Он под каким-то предлогом отошел к Трояни. Беседа продолжалась с профессором Бегоунеком.

Чех сидел на краю бархатного дивана, нервно кусал край папиросы и поминутно краснел. Было похоже, что он не может решиться сказать то, что ему хотелось бы.

Он отнял изжеванный конец папиросы ото рта и, решившись, сказал:

— Хорошо, а где мои письма?

Большой розовый человек растерянно смотрел на меня, на Шпанова, на доцента Адольфа Гуля, на маленького Бьяджи, который всегда улыбался, на красинского радиста Экштейна, неразлучного с Бьяджи. Каждый из нас немногое мог сказать недоумевавшему Бегоунеку.

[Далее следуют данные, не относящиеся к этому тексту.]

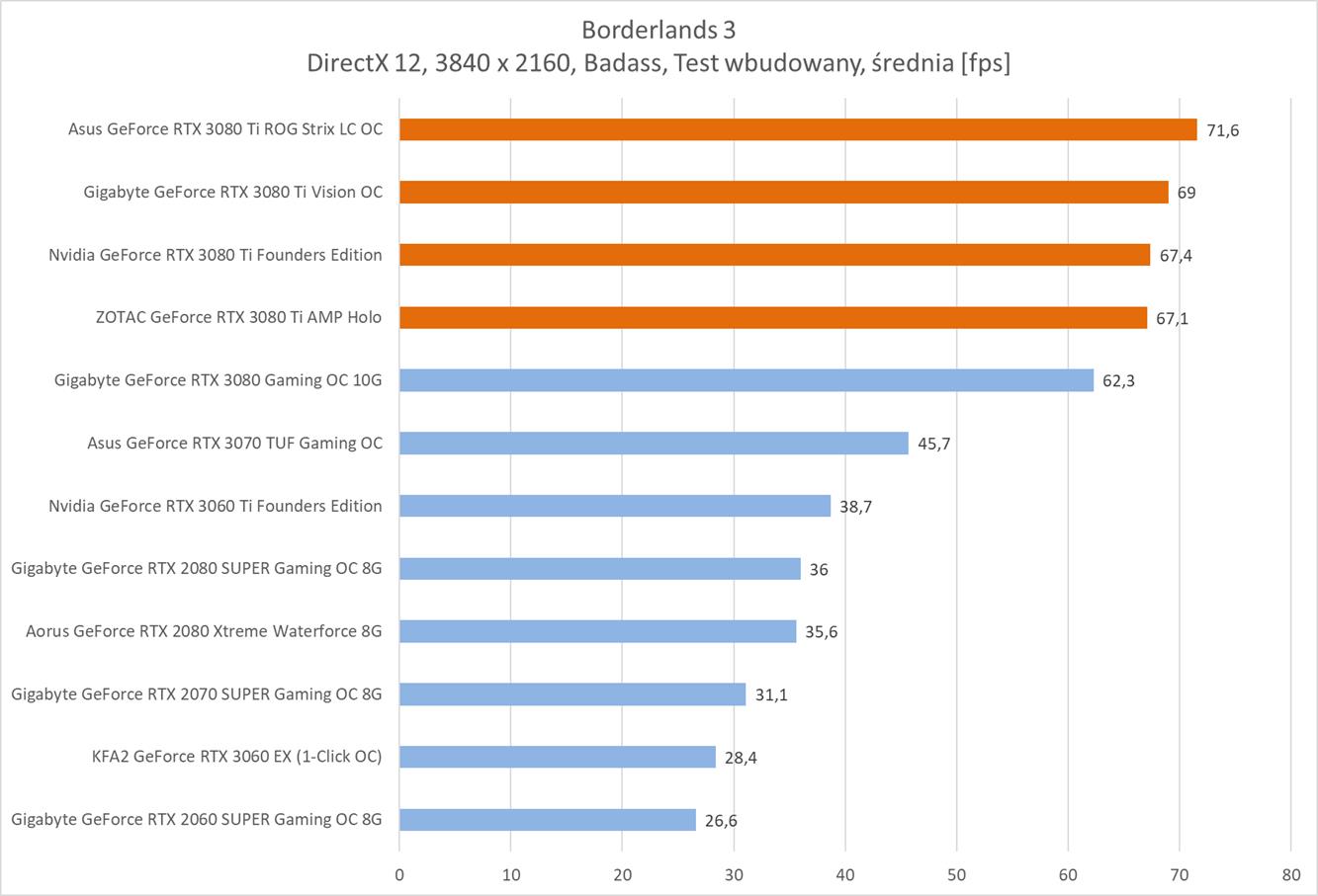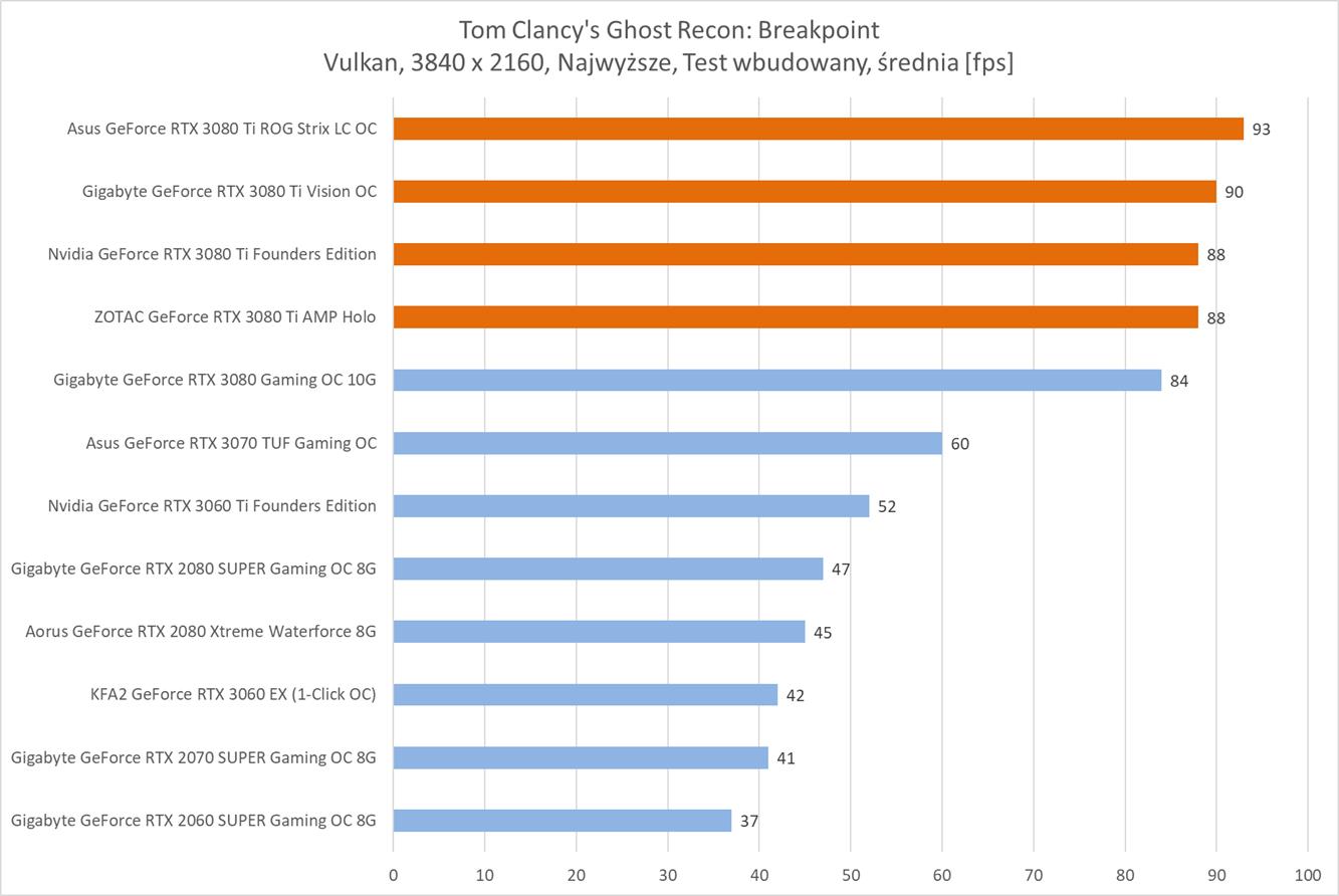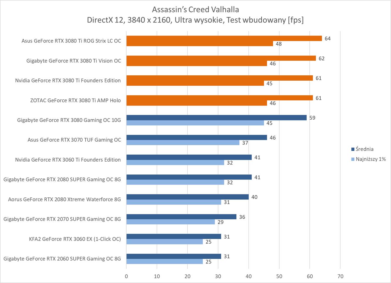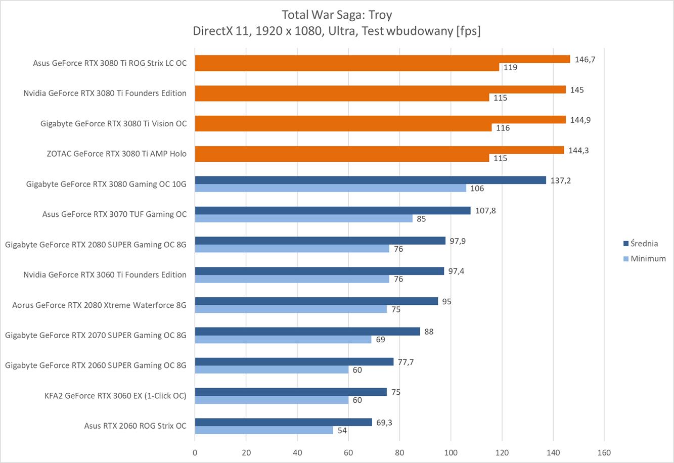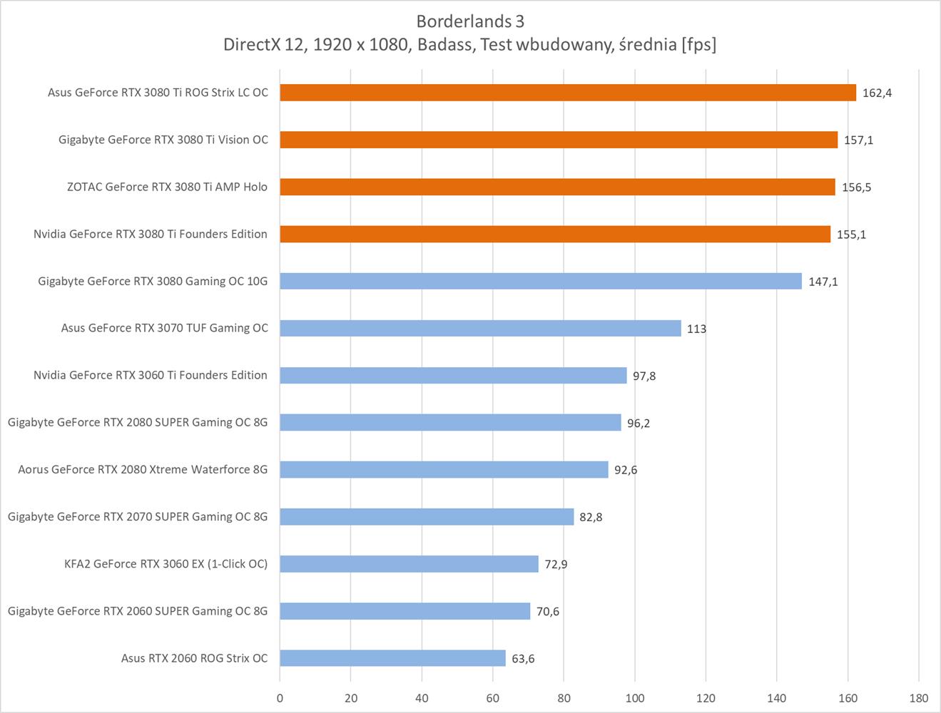 Średnia wydajność testowanych modeli GeForce RTX 3080 Ti

Бегоунек смотрел глазами, в которых удивление было смешано со страхом.

— Где мои письма? — со вздохом спросил Бегоунек. — Мальмгрен согласился взять с собой только два письма. Оба были мои. Если он передал Дзаппи свою одежду, то в одежде должны быть письма, которые я писал. Где они? Почему Дзаппи о них ничего не знает?..

* * *

Истекали последние часы нашей стоянки у льдины бывшего лагеря. Под утро в тумане появились просветы. Туман расползся, раздвинулся, открылась необозримая ледяная пустыня — океан, покрытый большими ледяными полями.

«Красин» тронулся в обратный путь. Четыре человека были на верхнем мостике: Вильери, Южин, Орас и я. Сизое небо висело над ледяной пустыней. По небу вдоль горизонта двигалось красновато-желтое солнце, холодное, безжизненное.

С верхнего мостика мы смотрели вниз, на белое поле, окруженное торосами.

«Красин» бережно обходил льдину. Вот единственная льдина, которую намеренно пощадил наш ледокол.

Вильери не отрывал глаз от голубого пятна на месте, где недавно стояла палатка. Можно было подумать, что ему грустно расставаться с местом, где он провел самые интересные и удивительные дни своей жизни.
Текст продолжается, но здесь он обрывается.